The records:
━━━━━━━━━━━━━━━━━━━━━━━━━━━━━━

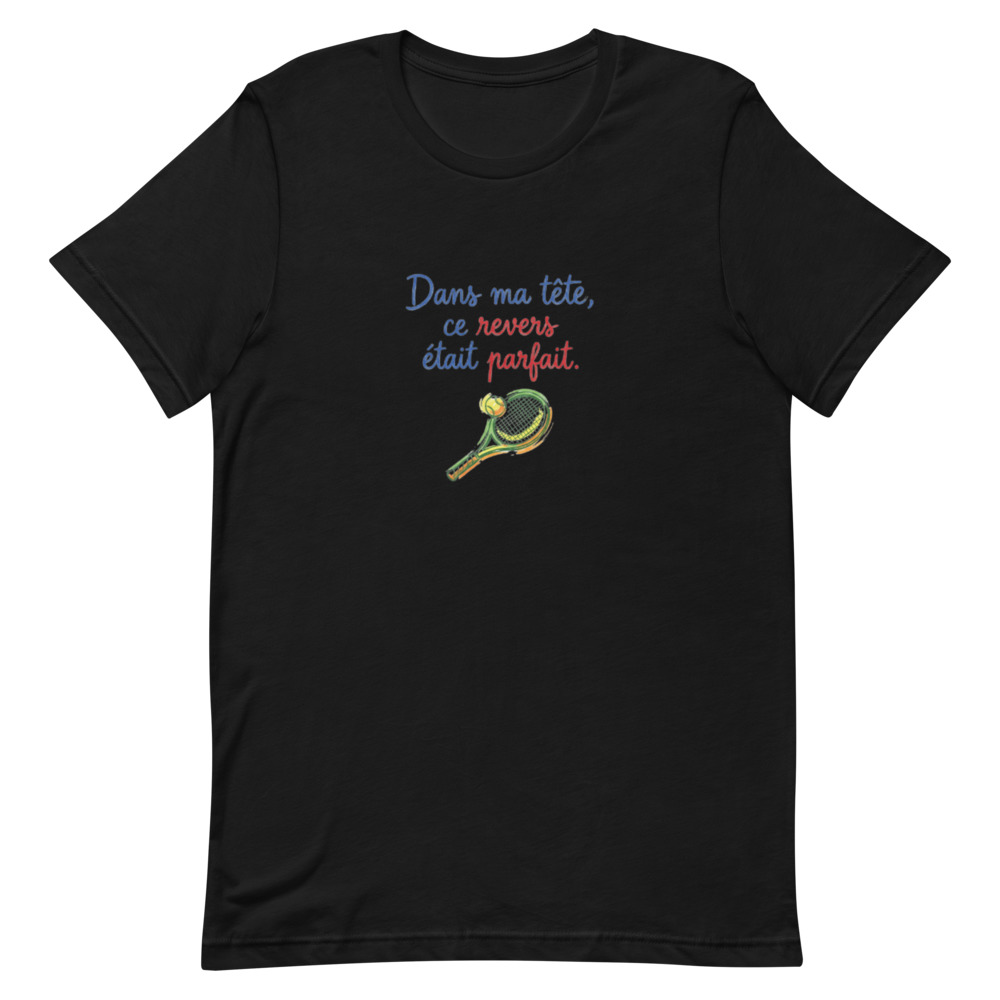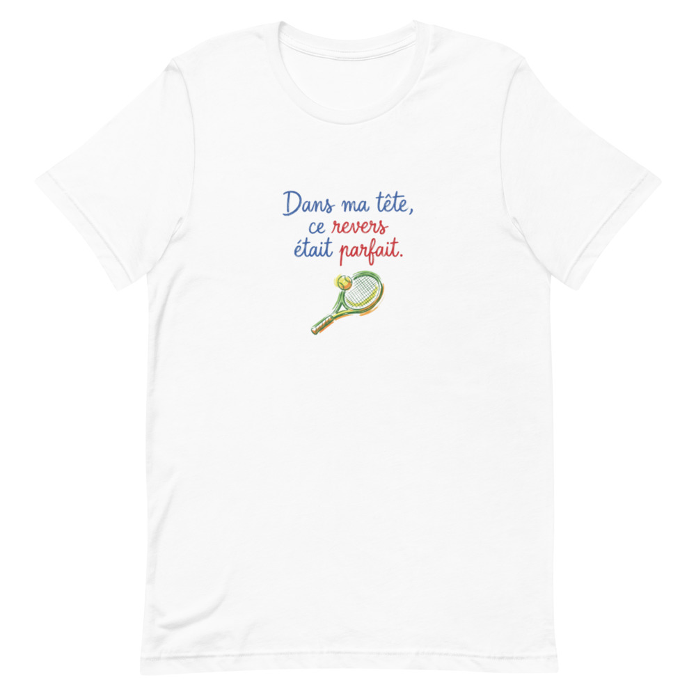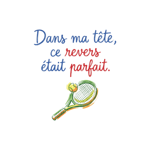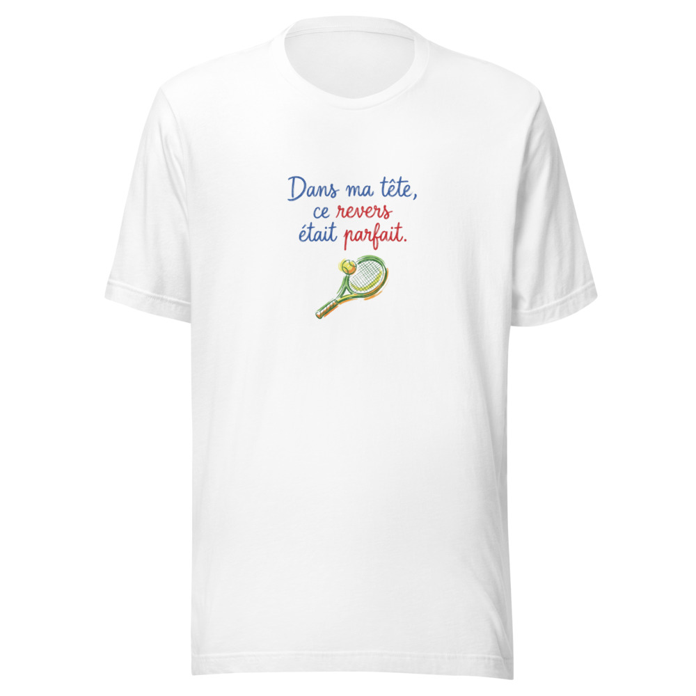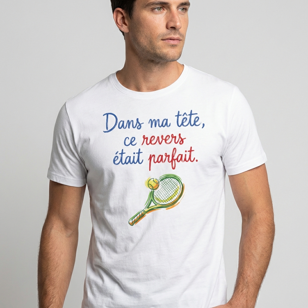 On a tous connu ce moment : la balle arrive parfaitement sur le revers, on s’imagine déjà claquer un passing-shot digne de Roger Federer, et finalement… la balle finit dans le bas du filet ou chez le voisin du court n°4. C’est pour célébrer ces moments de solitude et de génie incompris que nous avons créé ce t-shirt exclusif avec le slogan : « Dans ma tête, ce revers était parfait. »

━━━━━━━━━━━━━━━━━━━━━━━━━━━━━━

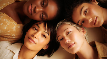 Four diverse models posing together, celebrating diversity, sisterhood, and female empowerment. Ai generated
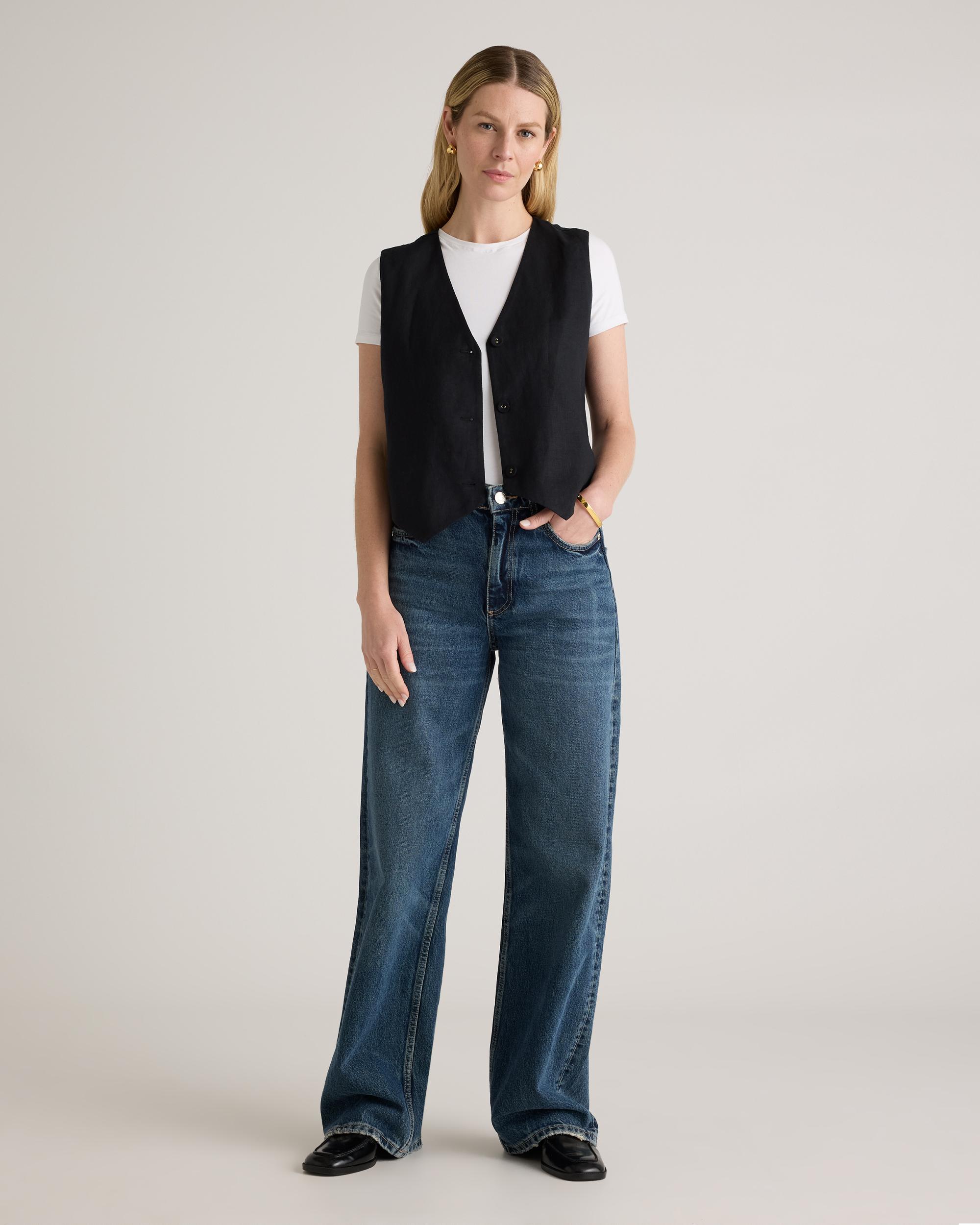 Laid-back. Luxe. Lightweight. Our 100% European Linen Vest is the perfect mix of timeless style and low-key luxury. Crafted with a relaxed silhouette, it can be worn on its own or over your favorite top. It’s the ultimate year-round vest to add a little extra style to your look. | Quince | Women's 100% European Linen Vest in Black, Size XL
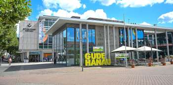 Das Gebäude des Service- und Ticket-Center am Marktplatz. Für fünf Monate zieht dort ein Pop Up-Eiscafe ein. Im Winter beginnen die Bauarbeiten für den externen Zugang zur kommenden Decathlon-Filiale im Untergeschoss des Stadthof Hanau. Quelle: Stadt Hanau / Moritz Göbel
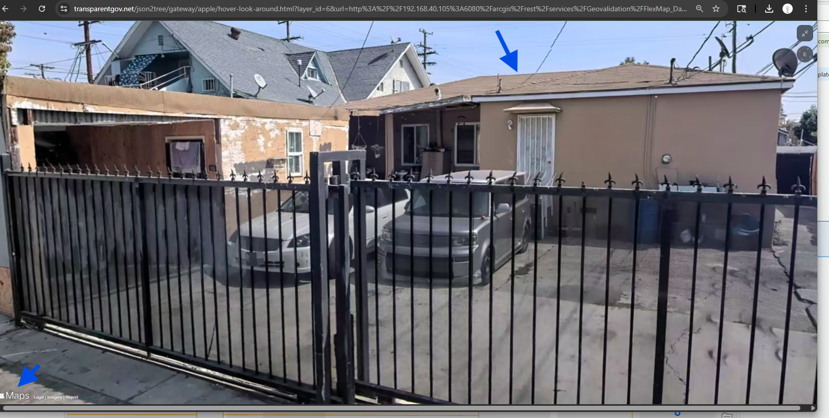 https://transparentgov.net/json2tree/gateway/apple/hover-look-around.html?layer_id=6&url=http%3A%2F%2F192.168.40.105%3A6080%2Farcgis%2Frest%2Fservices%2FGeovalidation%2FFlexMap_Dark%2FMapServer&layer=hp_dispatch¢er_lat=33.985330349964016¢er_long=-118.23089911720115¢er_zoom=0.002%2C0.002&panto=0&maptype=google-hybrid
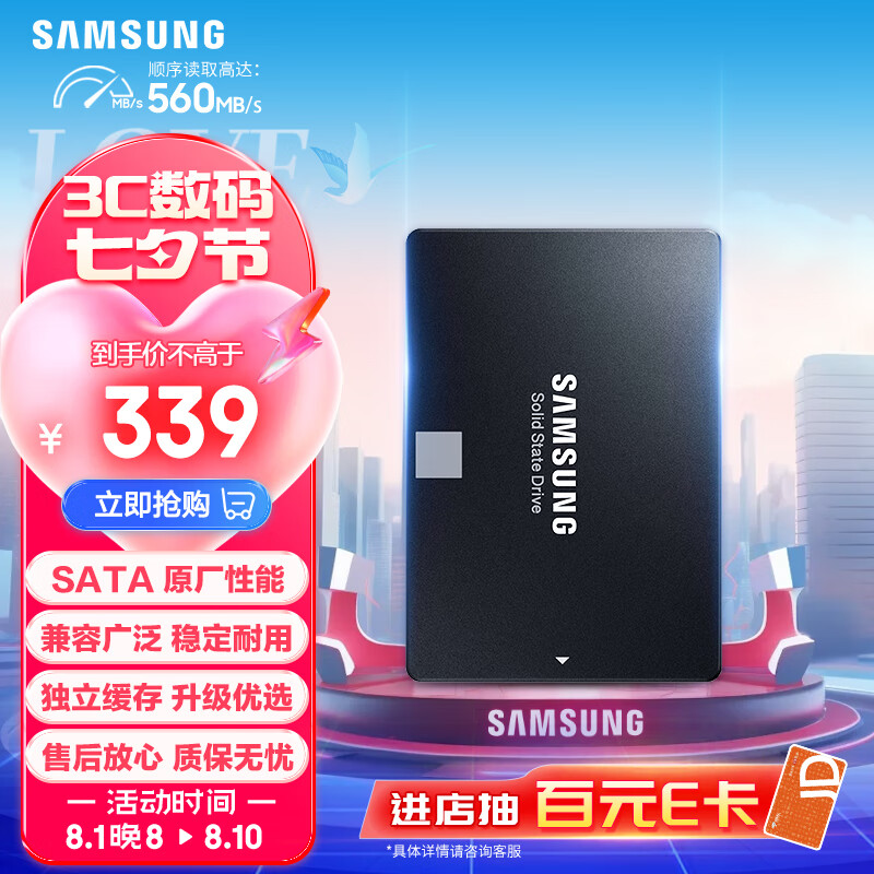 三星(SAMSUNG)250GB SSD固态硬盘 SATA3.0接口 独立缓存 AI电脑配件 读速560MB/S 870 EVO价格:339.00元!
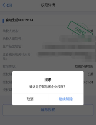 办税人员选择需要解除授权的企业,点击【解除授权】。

━━━━━━━━━━━━━━━━━━━━━━━━━━━━━━

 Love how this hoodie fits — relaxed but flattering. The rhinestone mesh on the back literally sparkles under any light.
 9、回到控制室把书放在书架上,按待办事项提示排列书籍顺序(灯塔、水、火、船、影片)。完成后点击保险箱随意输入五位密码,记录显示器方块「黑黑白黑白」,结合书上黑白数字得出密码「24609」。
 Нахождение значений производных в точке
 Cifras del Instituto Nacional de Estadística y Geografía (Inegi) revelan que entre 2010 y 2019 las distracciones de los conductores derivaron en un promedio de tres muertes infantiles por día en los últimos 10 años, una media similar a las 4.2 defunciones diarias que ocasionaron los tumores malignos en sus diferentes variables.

━━━━━━━━━━━━━━━━━━━━━━━━━━━━━━

Required action: For the data above, set down exactly the lines from the line with "Four diverse models" to the line with "办税人员选择需要解除授权的企业,点击【解除授权】。", both included, leaving pictures out.

Response below:
 Four diverse models posing together, celebrating diversity, sisterhood, and female empowerment. Ai generated
 Laid-back. Luxe. Lightweight. Our 100% European Linen Vest is the perfect mix of timeless style and low-key luxury. Crafted with a relaxed silhouette, it can be worn on its own or over your favorite top. It’s the ultimate year-round vest to add a little extra style to your look. | Quince | Women's 100% European Linen Vest in Black, Size XL
 Das Gebäude des Service- und Ticket-Center am Marktplatz. Für fünf Monate zieht dort ein Pop Up-Eiscafe ein. Im Winter beginnen die Bauarbeiten für den externen Zugang zur kommenden Decathlon-Filiale im Untergeschoss des Stadthof Hanau. Quelle: Stadt Hanau / Moritz Göbel
 https://transparentgov.net/json2tree/gateway/apple/hover-look-around.html?layer_id=6&url=http%3A%2F%2F192.168.40.105%3A6080%2Farcgis%2Frest%2Fservices%2FGeovalidation%2FFlexMap_Dark%2FMapServer&layer=hp_dispatch¢er_lat=33.985330349964016¢er_long=-118.23089911720115¢er_zoom=0.002%2C0.002&panto=0&maptype=google-hybrid
 三星(SAMSUNG)250GB SSD固态硬盘 SATA3.0接口 独立缓存 AI电脑配件 读速560MB/S 870 EVO价格:339.00元!
 办税人员选择需要解除授权的企业,点击【解除授权】。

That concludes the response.